Troubleshooting
Keycloak requires SSL for requests from external sources
When deploying Camunda to a provider, it is important to confirm the IP ranges used for container to container communication align with the IP ranges Keycloak considers "local". By default, Keycloak considers all IPs outside those listed in their external requests documentation to be external and therefore require SSL.
As the Camunda Helm Charts currently do not provide support for the distribution of the Keycloak TLS key to the other containers, we recommend viewing the solution available in the Identity documentation.
Identity redirect URL
If HTTP to HTTPS redirection is enabled in the load-balancer or ingress, make sure to use the HTTPS
protocol in the values file under global.identity.auth.[COMPONENT].redirectUrl
.
Otherwise, you will get a redirection error in Keycloak.
For example:
global:
identity:
auth:
operate
redirectUrl: https://operate.example.com
Changing this property after the initial install will require manual corrections in Keycloak.
Zeebe Ingress (gRPC)
Zeebe requires an Ingress controller that supports gRPC
which is built on top of HTTP/2
transport layer. Therefore, to expose Zeebe Gateway externally, you need the following:
- An Ingress controller that supports
gRPC
(ingress-nginx controller supports it out of the box). - TLS (HTTPS) via Application-Layer Protocol Negotiation (ALPN) enabled in the Zeebe Gateway Ingress object.
However, according to the official Kubernetes documentation about Ingress TLS:
There is a gap between TLS features supported by various Ingress controllers. Please refer to documentation on nginx, GCE, or any other platform specific Ingress controller to understand how TLS works in your environment.

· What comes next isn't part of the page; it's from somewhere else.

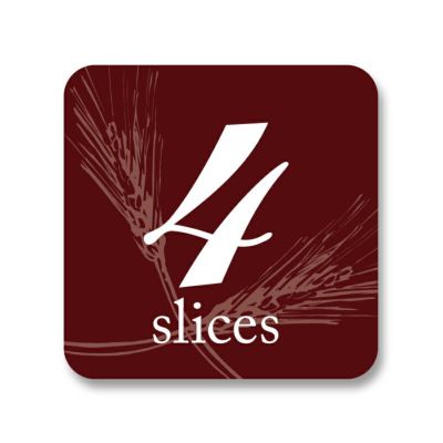 商品の特徴:食パンのスライス数表示専用のシールです。背景にうっすらと麦の穂をデザイン。4枚切用。●504枚入り(24枚×21シート)【印字内容】4slices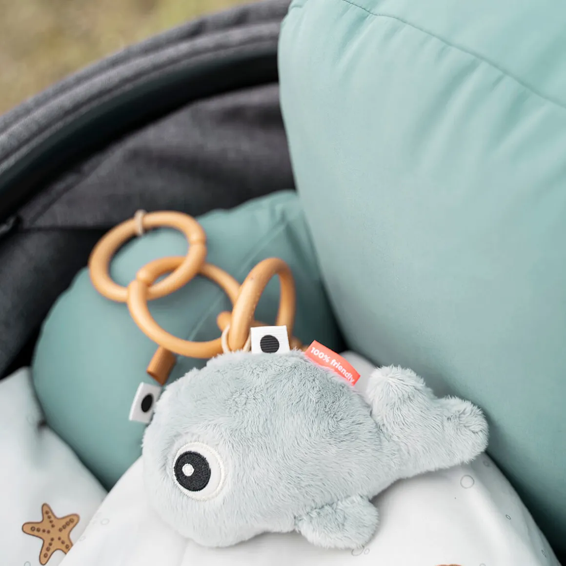 Med den elastiske løkke er det nemt at fastgøre den lille sanselegetæppe til en legemåtte, klapvogn, autostol eller aktivitetscenter ved hjælp af en Ophængsring. Den superbløde lille hvalrangle har en blød blå tone.

Therefore, if you are not using the ingress-nginx controller, ensure you pay attention to TLS configuration of the Ingress controller of your choice. Find more details about the Zeebe Ingress setup in the Kubernetes platforms supported by Camunda.
Identity contextPath
Camunda 8 Self-Managed can be accessed externally via different methods. One such method is the combined Ingress setup. In that configuration, Camunda Identity is accessed using a specific path, configured by setting the contextPath
variable, for example https://camunda.example.com/identity
.
For security reasons, Camunda Identity requires secure access (HTTPS) when a contextPath
is configured. If you want to use Camunda Identity with HTTP, use a separate Ingress setup (applications such as Operate, Optimize, etc, can still be accessed in a combined setup).
Due to limitations, the Identity contextPath
approach is unavailable when using a browser in Incognito mode.
Web Modeler database schema
The Web Modeler restapi
component requires a database connection. This connection should not point to the same database as Keycloak does.
Gateway timeout on redirect
A gateway timeout can occur if the headers of a response are too big (for example, if a JWT is returned as Set-Cookie
header). To avoid this, you can increase the proxy-buffer-size
of your Ingress controller or Ingress. The setting for ingress-nginx can be found here.